No re-trial of Aldi versus Dunnes price comparison case

No re-trial of Aldi versus Dunnes price comparison case

Update 1.10pm: Aldi have released a statement following the ruling.

It said: "While Aldi is pleased that the Court of Appeal upheld the High Court’s decision that Dunnes Stores had infringed Aldi’s trademarks, it is very disappointed by the overall decision and is considering an appeal to the Supreme Court.

"Aldi has always been in favour of clear and fair comparative advertising and indeed engages in it to highlight the outstanding value and quality that Aldi offers. This promise has been central to Aldi being the fastest growing retailer in Ireland for most of the last 10 years. However, it is important that any advertising is lawful and clear to customers.

"Aldi took this case against Dunnes Stores only after receiving no response to formal complaints made to Dunnes about its campaigns over a two-year period."

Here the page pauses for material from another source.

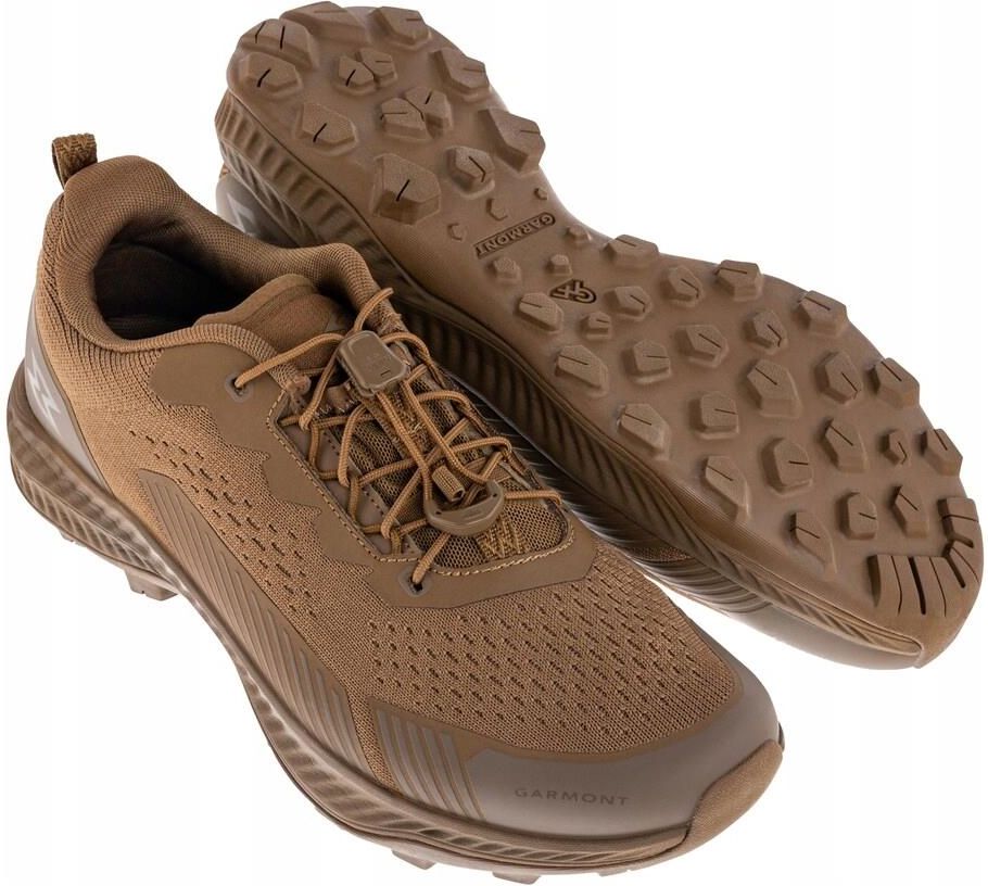 BUTY GARMONT 9.81 HELI - COYOTE 44 (2732 UK9,5) Wysokość buta: Niskie Kolor butów: Odcienie brązu Materiał cholewki: Syntetyk Membrana: Nie Wyściółka ocieplająca: Nie Sposób mocowania: Sznurowanie Płeć: Męska Kolor/kamuflaż: Odcienie brązu Cechy dodatkowe: Buty o wysokiej oddychalności, podeszwa środkowa z pianki EVA Kolor główny: Coyote Producent: Garmont Prezentujemy lekkie, a zarazem trwałe buty o stylistyce taktyczno-sportowej. Wyprodukowane z technologią bezszwowej cholewki z oddychającego Flyknit. Syntetyczne wstawki zabezpieczają i zwiększają trwałość, chroniąc jednocześnie stopy przed urazami. Obuwie model 9.81 Heli to uniwersalny wybór do użytku miejskiego bądź terenowego. Buty posiadają innowacyjną funkcję automatycznego sznurowania, co umożliwia idealne dopasowanie się do stopy. Praktyczny ściągacz ze stoperem na sznurowadłach ułatwia szybkie zakładanie i zdejmowanie obuwia. Komfort noszenia wzrasta dzięki zestawowi konstrukcyjnych rozwiązań Add, które sprawiają, że buty idealnie dopasowują się do stopy. Wyposażone w antypoślizgowe podeszwy zewnętrzne Garmont Magnet, które charakteryzują się głębokim, profilowanym bieżnikiem, zapewniając stabilność i doskonałą przyczepność na różnych powierzchniach. Podeszwy są odporne na ścieranie. Miękka podeszwa środkowa z pianki EVA gwarantuje amortyzację. Dane techniczne Kolor: Coyote Materiał: - główny: dzianina, tworzywo sztuczne - podeszwa zewnętrzna: guma (Garmont Magnet) - podeszwa środkowa: pianka EVA Waga pary (rozmiar 42): 740 g Producent: Garmont, Włochy

Earlier: There will be no High Court re-trial of the Aldi versus Dunnes Stores price comparison trademark infringement case, the Court of Appeal has ruled, writes Ann O'Loughlin.

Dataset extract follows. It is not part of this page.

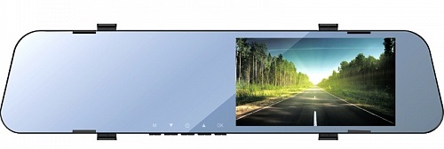 Регистратор совмещен с салонным зеркалом заднего вида.

However, Aldi says it wants to appeal to the Supreme Court last month's appeal court decision setting aside a 2015 High Court finding of trademark infringement through the use of shelf-edge labelling.

That was because this labelling had failed to objectively compare one or more of the relevant and verifiable features of the Dunnes' products with those of Aldi.

Aldi alleged Dunnes was in breach of the Consumer Protection Act 2007 and the European Communities (Misleading and Comparative Advertising) Regulations 2007.

At the heart of the appeal was whether the summer 2013 price advertising campaign by Dunnes, which employed Aldi's trademarks for identification and comparison purposes, complied with conditions imposed by the regulations when such advertising is carried out.

The appeal court disagreed with the High Court in relation to its finding that the shelf-edge labelling part of the campaign breached the regulations.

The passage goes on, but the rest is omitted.